Pueden pensar que exagero y que esto son simplemente experiencias anecdóticas, pero no. Son sintomáticas de un machismo estructural bien anclado en todos los ámbitos de la sociedad. En la política, un ámbito tradicionalmente copado por hombres, es especialmente importante que sigamos avanzando hacia la equidad de género y que las mujeres ocupemos puestos de responsabilidad. En ese sentido es un orgullo formar parte del parlamento con el porcentaje de paridad más alto de Europa, pero no es suficiente. La clave de la igualdad no es solo la representatividad, es la aplicación de políticas feministas que vayan a la raíz de los problemas.
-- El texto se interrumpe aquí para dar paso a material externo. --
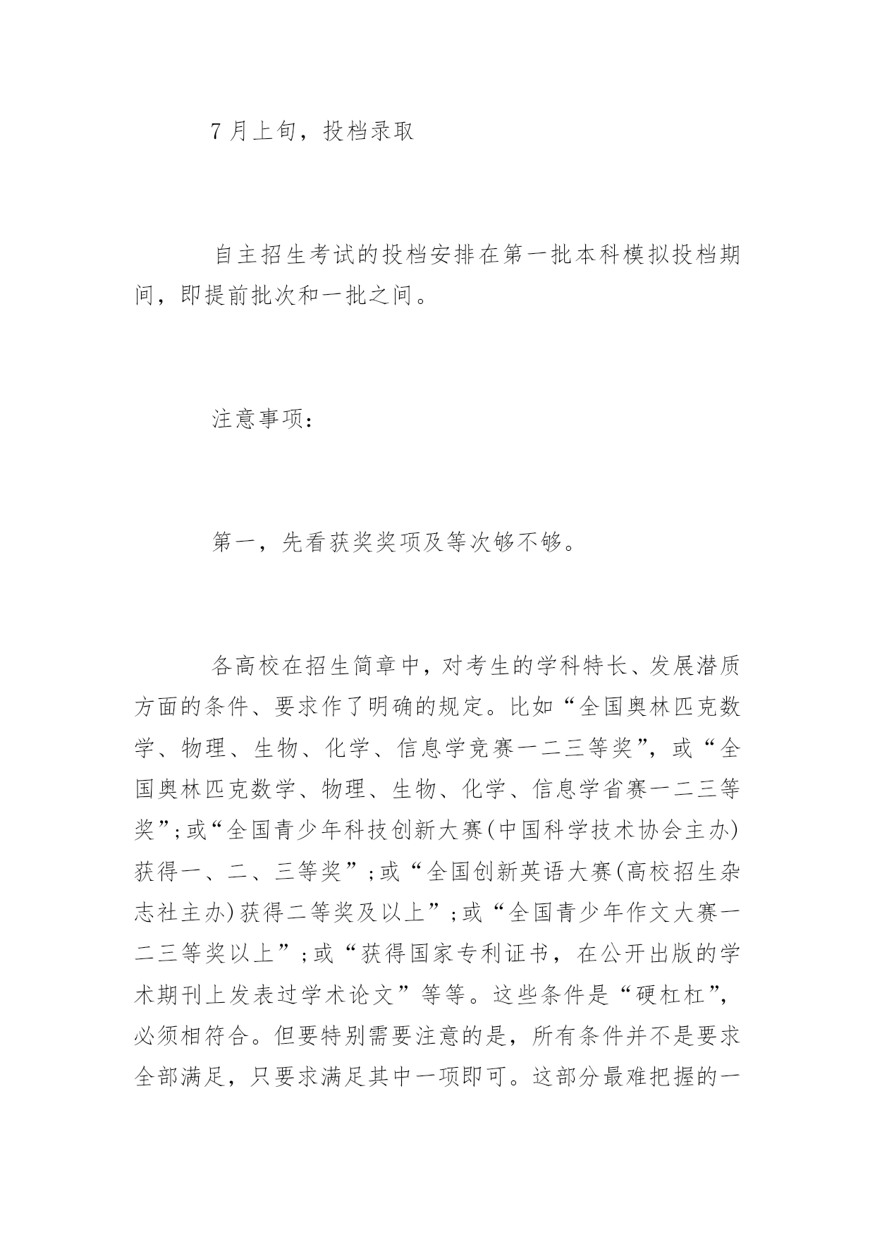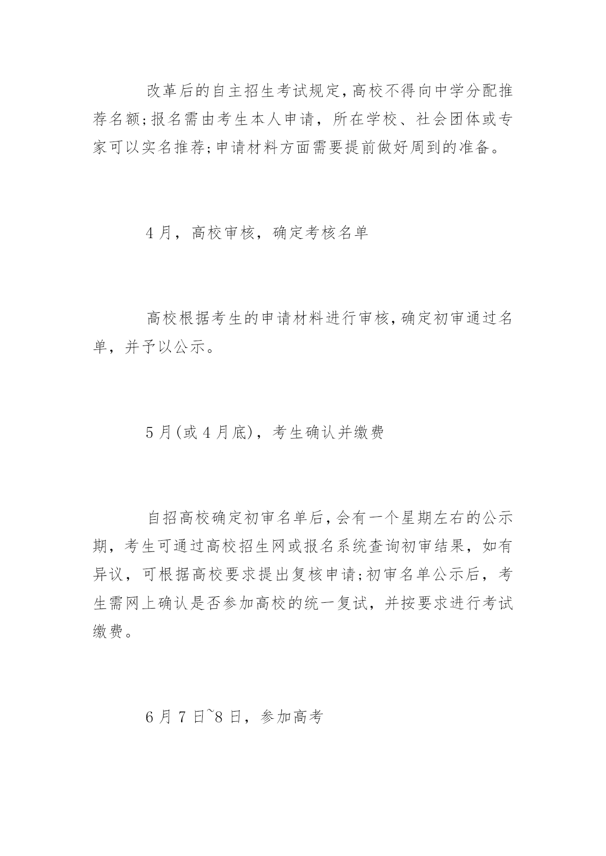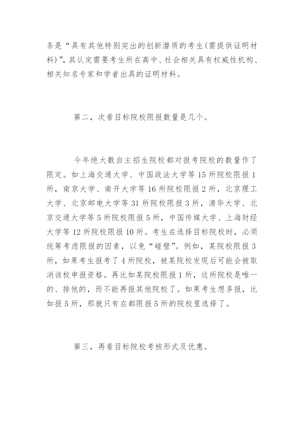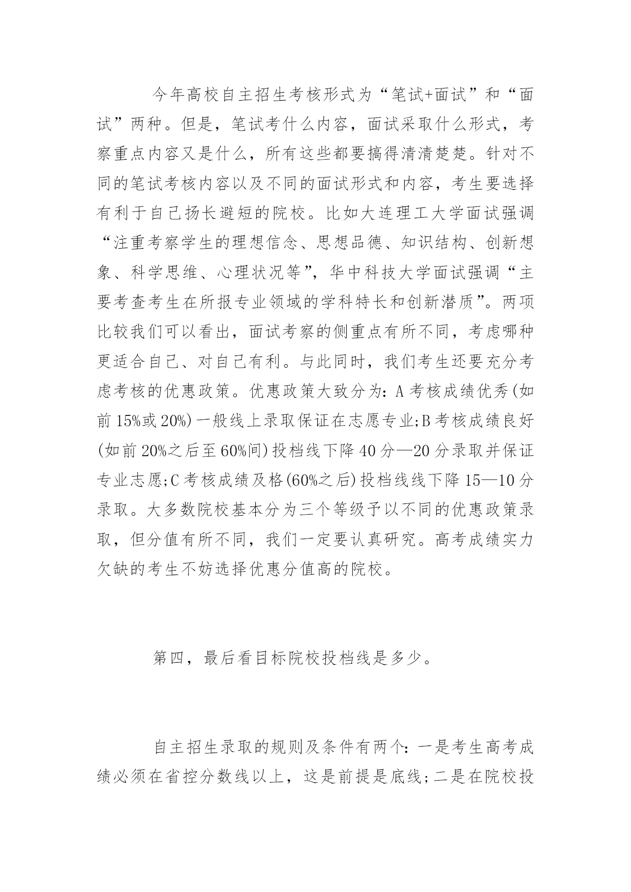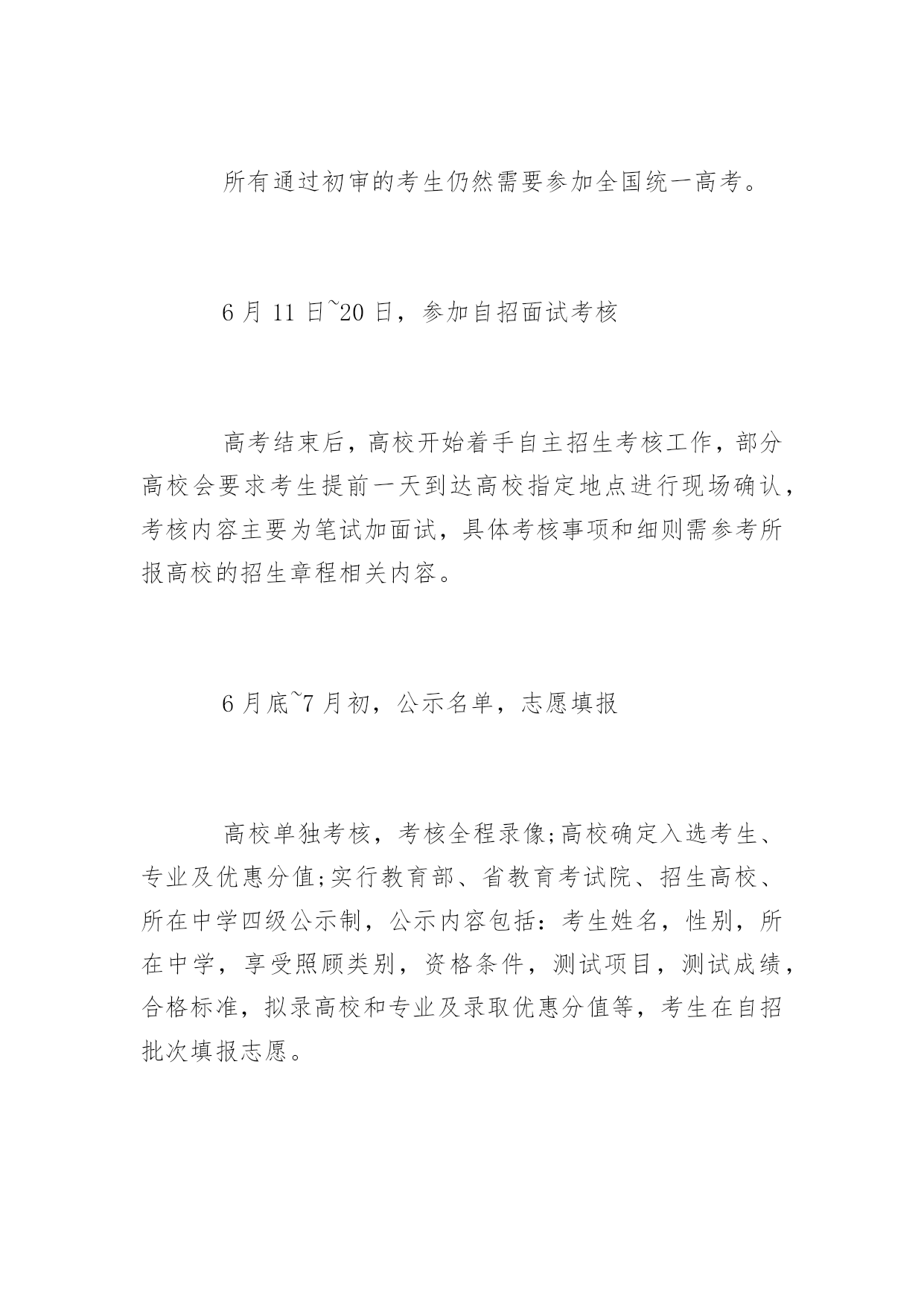 高校自主招生考试流程2017高校自主招生考试流程每年年2月底或者3月初,各自主招生高校会陆续发布招生简章,每年都有考生通过自主招生圆了名校梦,每年也有更多考生折戟考场,甚至有考生因为准备自主招生考试而影响了高考复习,以致高考失利。那么2017高校自主招生考试流程是什么,怎么考?下面跟yjbys小编一起来看看吧!2月底~3月初,高校发布自招简章考生需要明确目标高校的报名条件、审核办法、考核时间等信息。建议考生和家长关注鱼跃教育官方微信或教育部阳光高考网,获取相关信息。3月,考生申请报名,报送申请材料改革后的自主招生考试规定,高校不得向中学分配推荐名额;报名需由考生本人申请,所在学校、社会团体或专家可以实名推荐;申请材料方面需要提前做好周到的准备。4月,高校审核,确定考核名单高校根据考生的申请材料进行审核,确定初审通过名单,并予以公示。5月(或4月底),考生确认并缴费自招高校确定初审名单后,会有一个星期左右的公示期,考生可通过高校招生网或报名系统查询初审结果,如有异议,可根据高校要求提出复核申请;初审名单公示后,考生需网上确认是否参加高校的统一复试,并按要求进行考试缴费。6月7日~8日,参加高考所有通过初审的考生仍然需要参加全国统一高考。6月11日~20日,参加自招面试考核高考结束后,高校开始着手自主招生考核工作,部分高校会要求考生提前一天到达高校指定地点进行现场确认,考核内容主要为笔试加面试,具体考核事项和细则需参考所报高校的招生章程相关内容。6月底~7月初,公示名单,志愿填报高校单独考核,考核全程录像;高校确定入选考生、专业及优惠分值;实行教育部、省教育考试院、招生高校、所在中学四级公示制,公示内容包括:考生姓名,性别,所在中学,享受照顾类别,资格条件,测试项目,测试成绩,合格标准,拟录高校和专业及录取优惠分值等,考生在自招批次填报志愿。7月上旬,投档录取自主招生考试的投档安排在第一批本科模拟投档期间,即提前批次和一批之间。注意事项:第一,先看获奖奖项及等次够不够。各高校在招生简章中,对考生的学科特长、发展潜质方面的条件、要求作了明确的规定。比如“全国奥林匹克数学、物理、生物、化学、信息学竞赛一二三等奖”,或“全国奥林匹克数学、物理、生物、化学、信息学省赛一二三等奖”;或“全国青少年科技创新大赛(中国科学技术协会主办)获得一、二、三等奖”;或“全国创新英语大赛(高校招生杂志社主办)获得二等奖及以上”;或“全国青少年作文大赛一二三等奖以上”;或“获得国家专利证书,在公开出版的学术期刊上发表过学术论文”等等。这些条件是“硬杠杠”,必须相符合。但要特别需要注意的是,所有条件并不是要求全部满足,只要求满足其中一项即可。这部分最难把握的一条是“具有其他特别突出的创新潜质的考生(需提供证明材料)”,其认定需要考生所在高中、社会相关具有权威性机构、相关知名专家和学者出具的证明材料。第二,次看目标院校限报数量是几个。今年绝大数自主招生院校都对报考院校的数量作了限定。如上海交通大学、中国政法大学等15所院校限报1所,南京大学、南开大学等16所院校限报2所,北京理工大学、北京邮电大学等31所院校限报3所,清华大学、北京交通大学等5所院校限报5所,中国传媒大学、上海财经大学等12所院校限报10所。考生在选择目标院校时,必须统筹考虑限报的因素,以免“碰壁”。例如,某院校限报3所,如果考生报考了4所院校,被某院校发现后可能会被取消该校申报资格。再比如某院校限报1所,这所院校是唯一的、排他的,而不能再报其他院校了。如果考生想多报,比如报5所,那就只有在都限报5所的院校里选择了。第三,再看目标院校考核形式及优惠。今年高校自主招生考核形式为“笔试+面试”和“面试”两种。但是,笔试考什么内容,面试采取什么形式,考察重点内容又是什么,所有这些都要搞得清清楚楚。针对不同的笔试考核内容以及不同的面试形式和内容,考生要选择有利于自己扬长避短的院校。比如大连理工大学面试强调“注重考察学生的理想信念、思想品德、知识结构、创新想象、科学思维、心理状况等”,华中科技大学面试强调“主要考查考生在所报专业领域的学科特长和创新潜质”。两项比较我们可以看出,面试考察的侧重点有所不同,考虑哪种更适合自己、对自己有利。与此同时,我们考生还要充分考虑考核的优惠政策。优惠政策大致分为:A考核成绩优秀(如前15%或20%)一般线上录取保证在志愿专业;B考核成绩良好(如前20%之后至60%间)投档线下降40分—20分录取并保证专业志愿;C考核成绩及格(60%之后)投档线线下降15—10分录取。大多数院校基本分为三个等级予以不同的优惠政策录取,但分值有所不同,我们一定要认真研究。高考成绩实力欠缺的考生不妨选择优惠分值高的院校。第四,最后看目标院

El movimiento feminista en España ha gritado lo obvio: no debería haber ninguna mujer que sienta miedo -ni al salir a la calle sola ni dentro de casa-, no debería haber ese ninguneo y condescendencia hacia las mujeres y no debería apoyarse todo el peso del Estado del Bienestar y los cuidados sobre los hombros de las mujeres.
Para evitar que sigamos viviendo experiencias como estas es imprescindible tener un gobierno progresista que sitúe la vida en el centro de las prioridades y avance hacia un horizonte morado, un gobierno que trabaje para erradicar las violencias machistas, para garantizar que podemos vivir libremente nuestra sexualidad, que tenemos unos servicios públicos de calidad, que tenemos jornadas laborales que nos permiten conciliar y vivir y que nuestras niñas y niños están educados en los valores de la justicia social y la igualdad. Todo eso es feminismo.
Si gobiernan las derechas que nos acusan de mentirosas, de histéricas, que quitan recursos a las víctimas y que pactan con misóginos fascistas, todo esto empeorará. Y si el partido que se dice socialista y feminista prefiere pactar o gobernar con el apoyo de esas derechas en lugar de hacerlo con las que apostamos decididamente por aplicar políticas feministas, también empeorará. Para acabar con el machismo estructural hace falta convertir el “Ni un paso atrás” en políticas públicas dotadas con presupuesto suficiente para llevarlas a cabo. Y hace falta más diálogo empático, hacen falta consensos. Por eso es urgente un gobierno de coalición entre PSOE y Unidas Podemos. Nos jugamos un gobierno feminista para un país que ya lo es.